It’s an irony of modern life that the exponential spread of information has given rise to another exponential spread, of books about the exponential spread of information. We’ve got more facts than we ever had before, and so we’ve got more ruminations on how those facts affect us. Does Google make us stupid, or has it given us a deeper knowledge? Is there now so much to read and learn that we’ll never master anything (a concern that dates back at least 800 years)? Are all these facts disposable, such that what we learn today will be obsolete tomorrow?
The Harvard network scientist and pop theorist Samuel Arbesman stokes our fears of information on the cover of his recent book, The Half-Life of Facts: Why Everything We Know Has an Expiration Date. Watch out, that title says: The truth is melting! But the argument that Arbesman lays out (in a set of loosely connected anecdotes and essays) works to do the opposite. He uses math as a medication for this anxiety, to keep us calm in the face of shifting knowledge. His book works like a data-beta-blocker: By fitting fickle truths to models and equations, it promises a way to handle life’s uncertainty and keep abreast of “the vibrations in the facts around us.” In the end, though, the prescription runs afoul of a more fundamental ambiguity: What does it mean to call a fact a fact to start with?
Arbesman’s book expands on a piece he wrote in 2010 for the Ideas section of the Boston Globe. That short essay, called “Warning: Your reality is out of date,” laid out a theory of what Arbesman named the mesofact. “When people think of knowledge,” he wrote, “they generally think of two sorts of facts.” One includes the data that should never change, like the atomic weight of hydrogen, while the other comprises all the tidbits that shift from day to day, like the closing price of the Dow Jones Industrial Average.
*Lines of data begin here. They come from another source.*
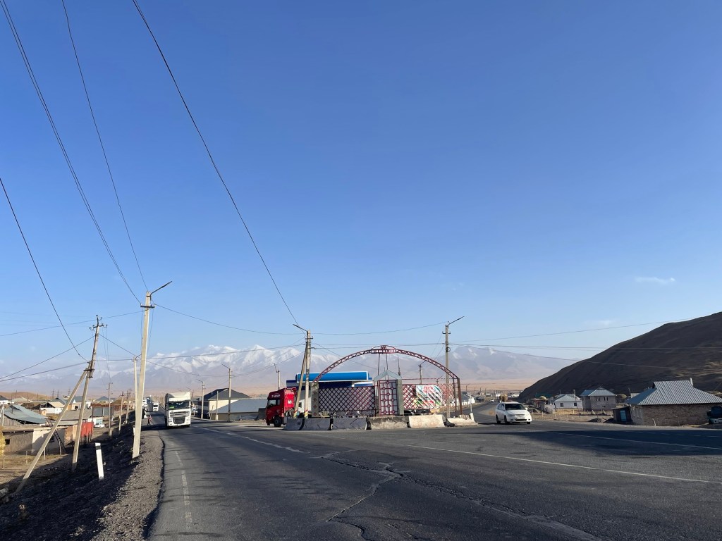 Uitchecken van Kirgizië duurt niet lang, al zijn er ook weer een stuk of 5 paspoortcontroles. Tegen de gulle glimlach van de grenswachters en een trucker die me gedroogde abrikozen schenkt, spreek ik er mijn laatste woorden Russisch.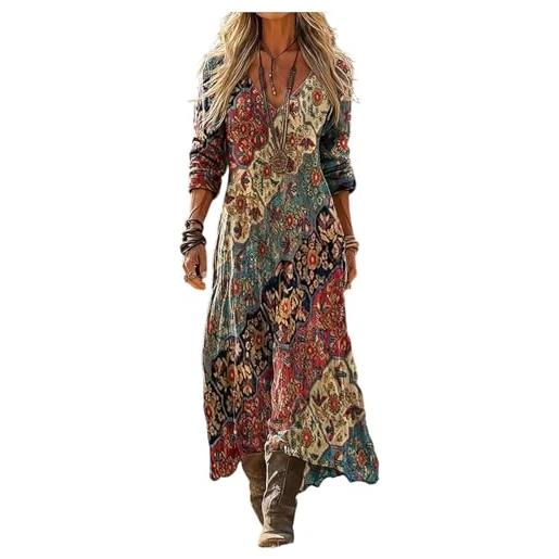 Mfhmom vestito lungo donna estivo lino cotone manica 3/4 scollo a v stile boho hippie vintage abito maxi etnico geometrico caftano da spiaggia mare casual largo taglie forti comodo vacanza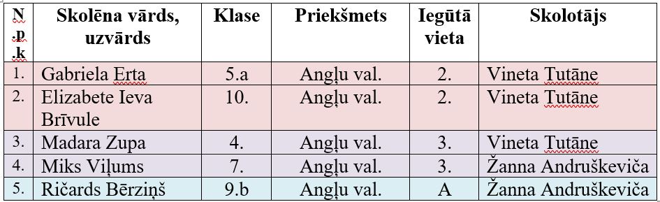 Lepojamies! Viesītes vidusskolas skolēnu sasniegumi 2025./2026.m.g. Angļu valodas 55.olimpiādes II posmā: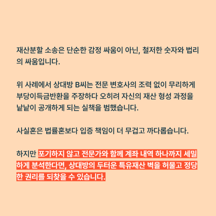 재산분할 소송은 단순한 감정 싸움이 아닌, 철저한 숫자와 법리의 싸움입니다. 위 사례에서 상대방 B씨는 전문 변호사의 조력 없이 무리하게 부당이득금반환을 주장하다 오히려 자신의 재산 형성 과정을 낱낱이 공개하게 되는 실책을 범했습니다.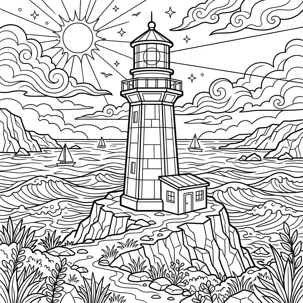 Embark on a creative journey with this modern lighthouse coloring page designed especially for kids. Discover a detailed coastal scene, complete with a majestic lighthouse, crashing waves, and sailing boats, just waiting for a splash of color.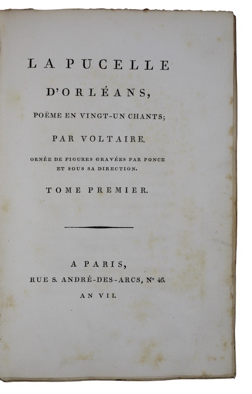 A scarce edition of Voltaire's notoriously bawdy verse parody of the life of French national heroine Joan of Arc, incorporating the risque and erotic plates of the Didot edition of 1795 (though without the borders). First published 1755, it was variously burned, banned and confiscated by governments and religious authorities in Paris, Rome and Geneva.

Even in the stable camp, facts can mutate: An atom’s weight, for example, varies depending on the isotope. But Arbesman is more interested in a third category of knowledge, one that’s nestled between the other two in terms of how amenable it is to change. These are the facts that shift too slowly for us to notice, but not so slowly that they’ll only matter to our children. “Mesofacts,” he says, evolve within our lifetimes but often out of view.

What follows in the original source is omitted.